Tourism Excellence







Strategy

Crowd in Queenscliff

Vital, cohesive communities with quality services and infrastructure, a strong sense of place, community spirit and enviable quality of life, also make attractive tourism destinations.

One of the things that makes tourism work is when you create bonds among communities that take visitors from one place to the next. You have to create a visitor experience.”  
 …… Nicki Stratton, Executive Director of Springfield Convention & Visitors Bureau

A destination can be a city or township such as Ballarat or Beechworth, or a geographic region such as the Great Ocean Road or the Yarra Valley, or even a retail precinct such as Chapel Street in South Yarra.
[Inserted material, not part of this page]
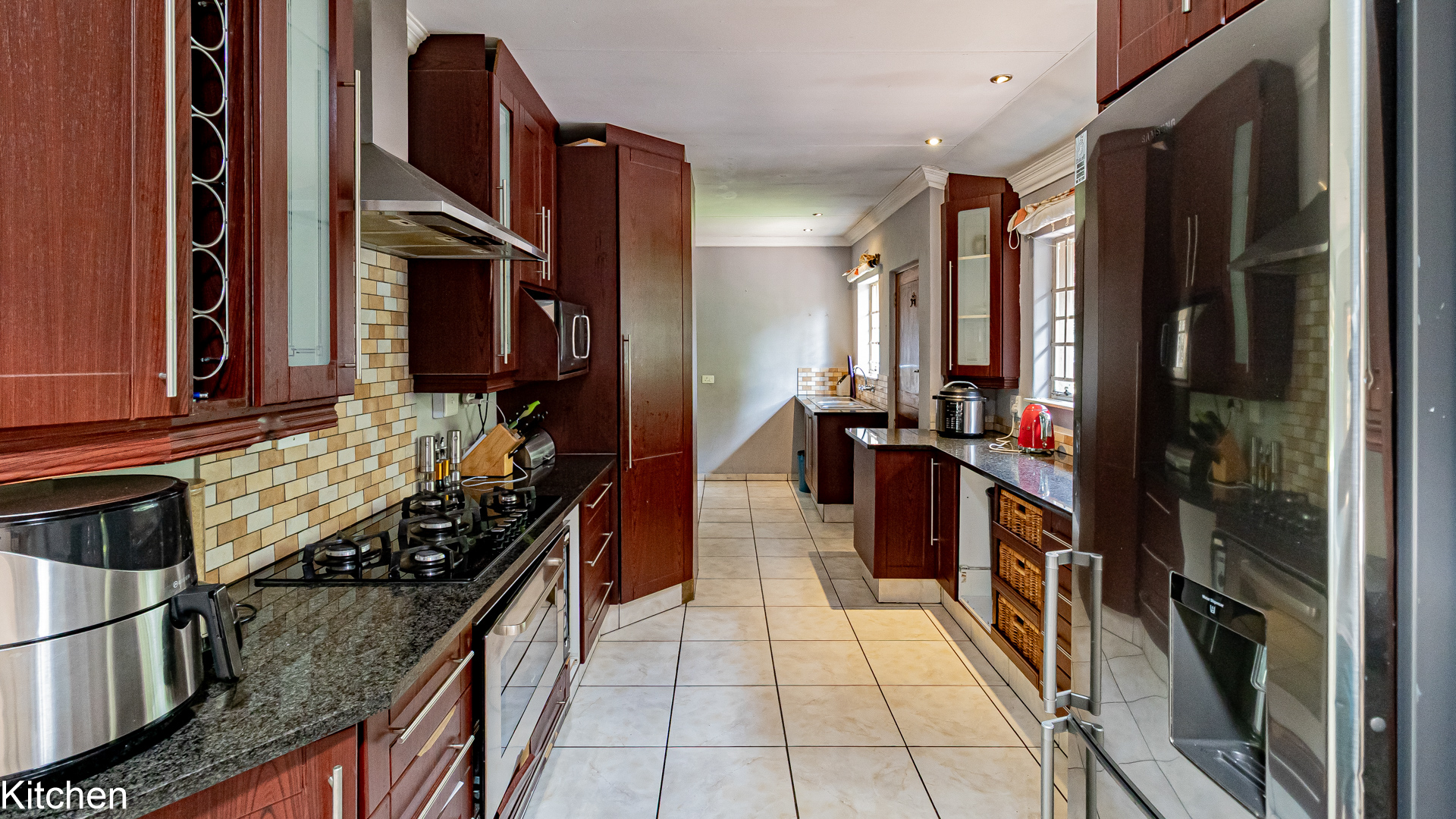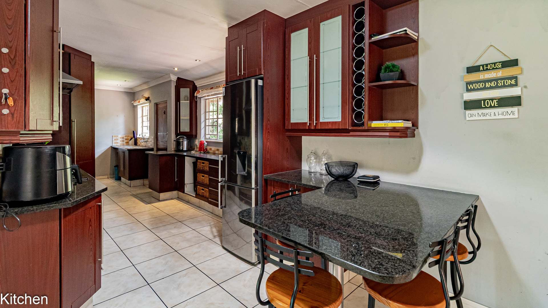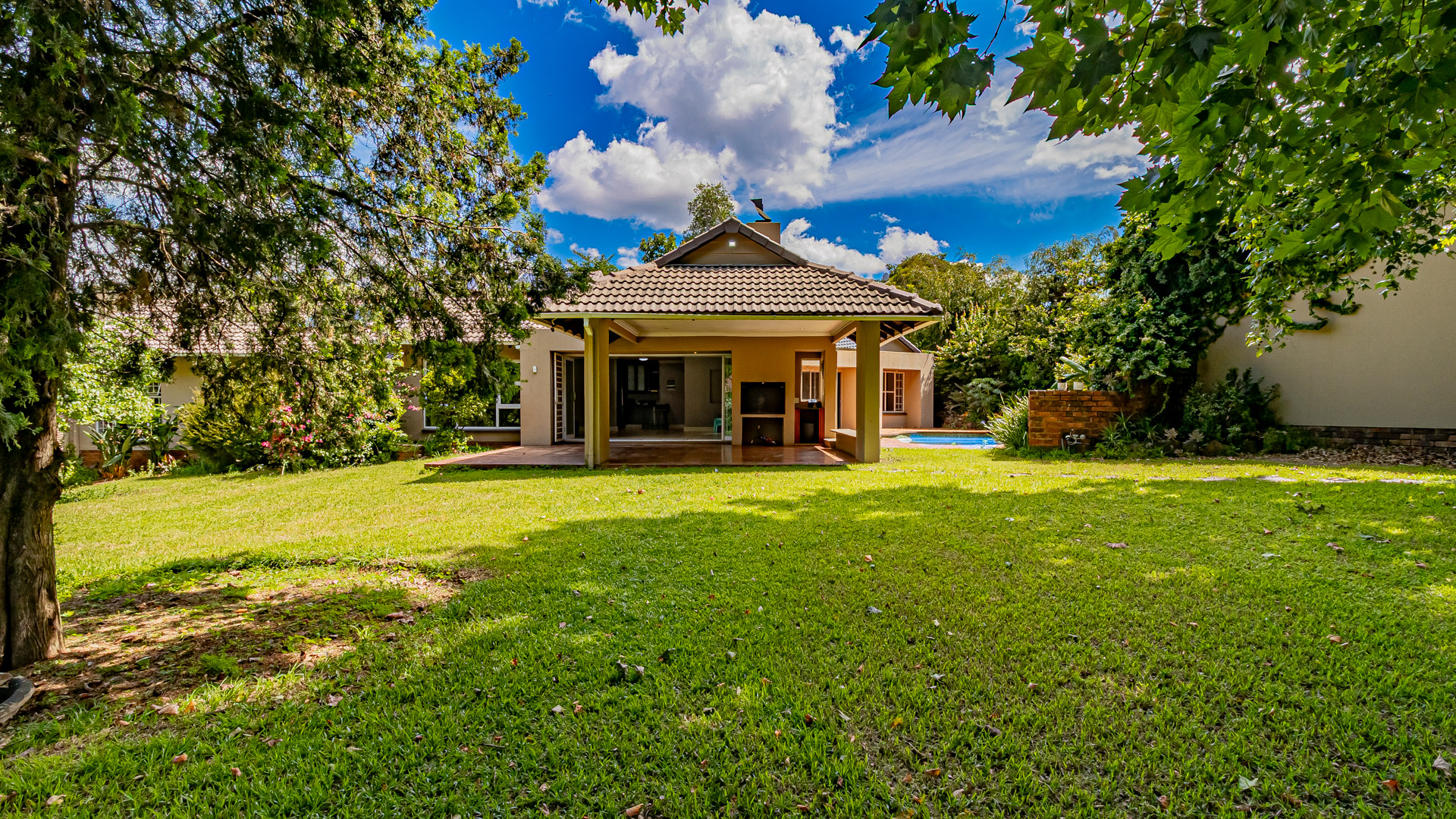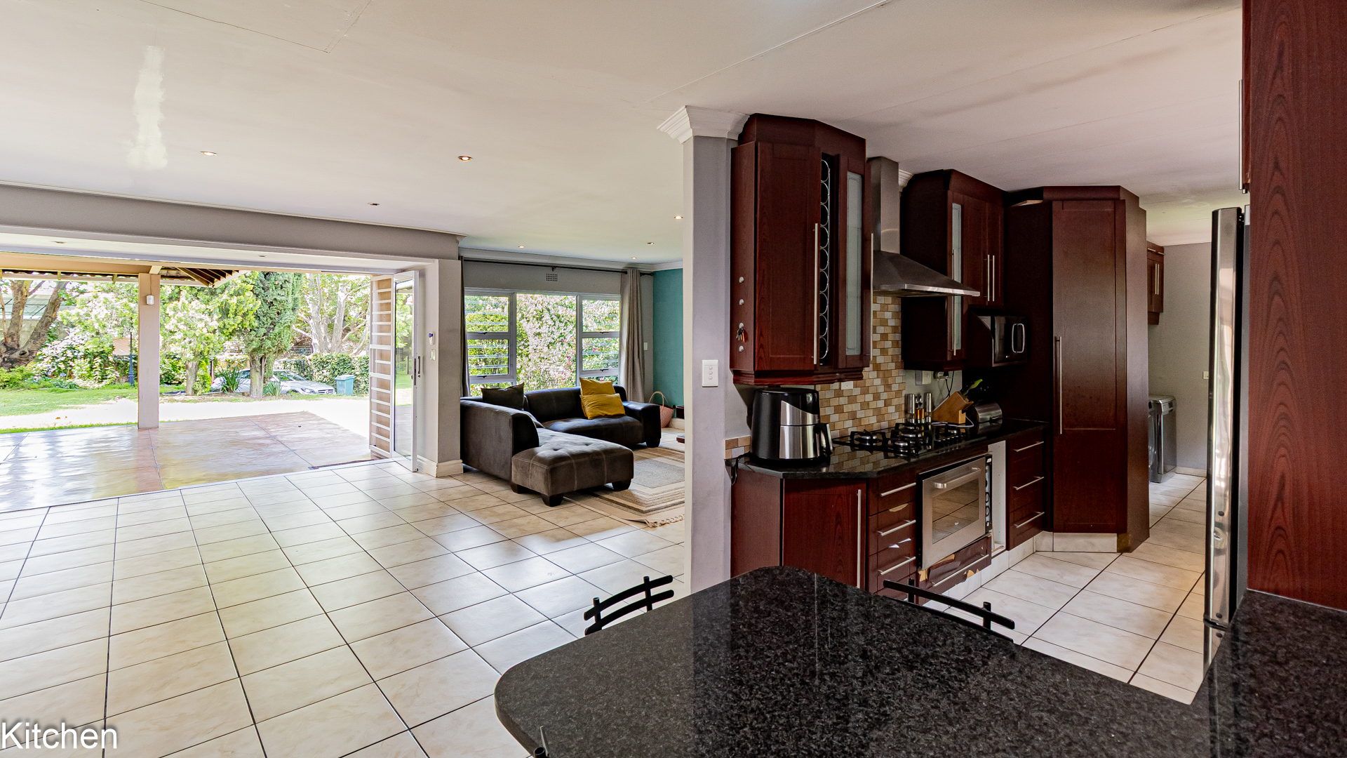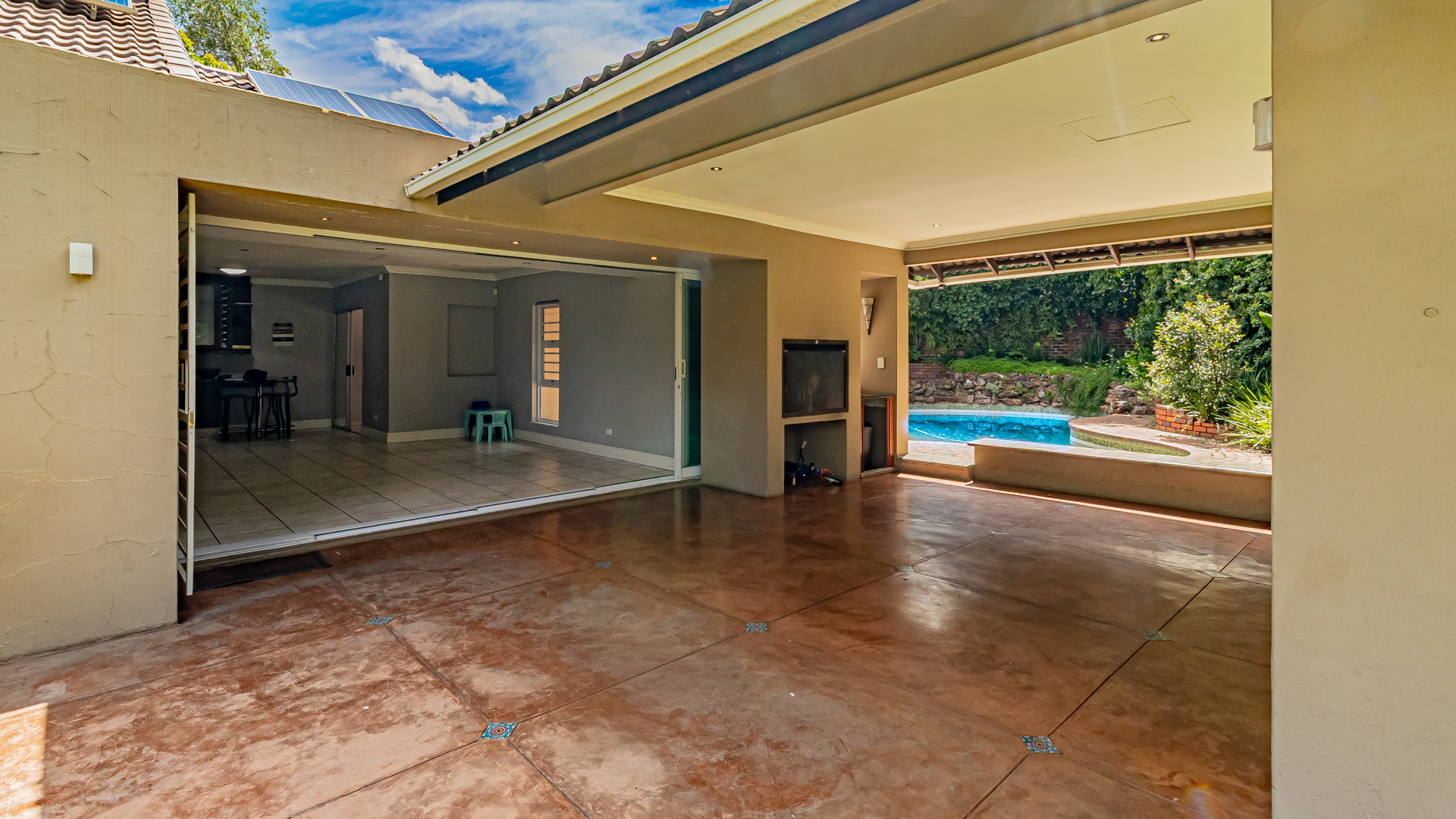 A large covered patio with a built-in braai welcomes you into the home and overlooks the swimming pool and established garden, creating an inviting space for outdoor entertaining and relaxation.

The experiences that consumers seek often involve several destinations.

Growing Destinations

Visitors’ overall experiences comprise a complex range of elements, including expectations, transport, information, accommodation, dining, shopping, a welcoming host community, security and other services. The key to destination planning and management is understanding what today’s consumer is seeking and the aspirations they wish to fulfil. Finding the right market segment/s that will best respond to a destination’s ‘offer’ and delivering corresponding products and experiences is fundamental to success.
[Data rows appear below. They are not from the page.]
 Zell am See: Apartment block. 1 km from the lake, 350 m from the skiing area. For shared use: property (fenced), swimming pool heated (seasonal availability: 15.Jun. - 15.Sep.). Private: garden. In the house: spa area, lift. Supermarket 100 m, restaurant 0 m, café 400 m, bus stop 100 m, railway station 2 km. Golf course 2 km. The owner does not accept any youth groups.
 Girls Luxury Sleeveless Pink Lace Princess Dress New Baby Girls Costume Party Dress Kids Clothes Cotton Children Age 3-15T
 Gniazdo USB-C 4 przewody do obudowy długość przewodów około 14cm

Previously, destinations tended to focus on promotion to maximise visitation. Councils and tourism organisations now appreciate the need to better manage the whole visitor ‘experience’. Success can translate into repeat visits, longer stays, increased spending and positive word of mouth. Conversely, destinations that have undergone visual degradation and loss of sense of identity through inappropriate planning, development and management are increasingly rejected by consumers.
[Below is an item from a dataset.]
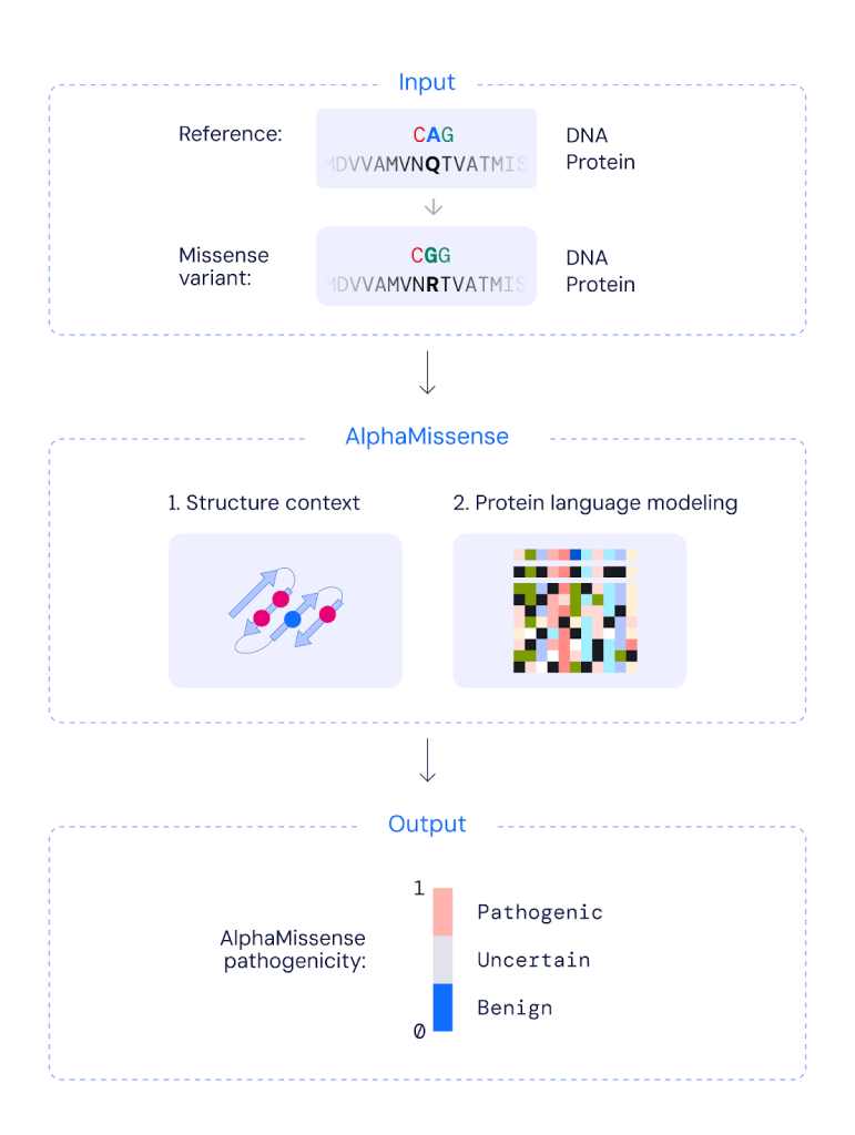 AlphaMissense est basé sur notre modèle révolutionnaire AlphaFold, qui prédit les structures de presque toutes les protéines connues de la science à partir de leurs séquences d’acides aminés. Notre modèle adapté peut prédire la pathogénicité des variantes faux-sens altérant les acides aminés individuels des protéines.

While visitor services such as Visitor Information Centres, toilets and recreation areas are important, successful tourism areas now consider consumer research, industry structures, leadership, crisis management and environmental protection, in an effort to build a sustainable industry. Above all, development of a sustainable destination must also focus on the needs and aspirations of the local community.

What are the challenges?

  1. Despite considerable growth in the industry during the past 20 years, there is still relatively low awareness in regional areas of the economic, social and cultural benefits to be derived from a healthy local tourism sector.
  2. While Victoria can boast several successful regional and local tourism organisations, there is a wide variance in the skill level and maturity of the state’s tourism bodies.
  3. Tourism and hospitality industry investment has grown significantly in Melbourne during the past decade, but there is still difficulty in attracting tourism investment into regional Victoria.
  4. To ensure sustainability, regions and destinations need to be better prepared to respond to crises, so as to lessen the impact on their operators and local economy.
  5. There is a tendancy for destinations to not differentiate themselves.
  6. There is great variability in the quality of tourism product and service delivery across the state.

Key Strategies

  1. Develop and implement a Regional Tourism Strategy to address statewide inconsistencies in product and industry structures.
  2. Further promote the significance of tourism to regional communities and stakeholders by Industry and government.
  3. Further develop the capacity of regional tourism organizations to more strategically manage and plan for the development of the local industry, including leadership programs, destination planning, mentoring, product and market differentiation, crisis planning and response.
  4. Investigate opportunities to create ‘investor-friendly’ regional planning environments, while also encouraging regions to objectively and realistically analyse their tourism products and experiences to better match customer need.
  5. Build understanding among regions of the importance of visitor navigation (eg: signage, maps etc) and increase awareness of new consumer behavioural patterns.
  6. Demonstrate the benefits of adopting a sustainable approach to destination development, marketing and leadership.
  7. Encourage destinations and their businesses to recognise existing and potential touring patterns, in order to build greater intra and inter regional collaboration and resource sharing

Desired outcomes

  1. Greater private sector quality investment in regional tourism infrastructure.
  2. Strengthened regional tourism structures - based on best practice models – that reflect the needs of the private sector, are resilient to short term changes in local governance, and that operate in accordance with the desires of local communities .
  3. A significantly heightened awareness among local government, the retail sector and the public of the economic, social and cultural contribution that can be made by an effective tourism industry.
  4. Consistently high visitor satisfaction levels in the key tourism destinations of Victoria.
  5. Economic improvement achieved through the adoption of environmentally sustainable principles.
  6. Key destinations within the state to be clearly differentiated, based on identified product strengths, marketing and strategic product-market matching.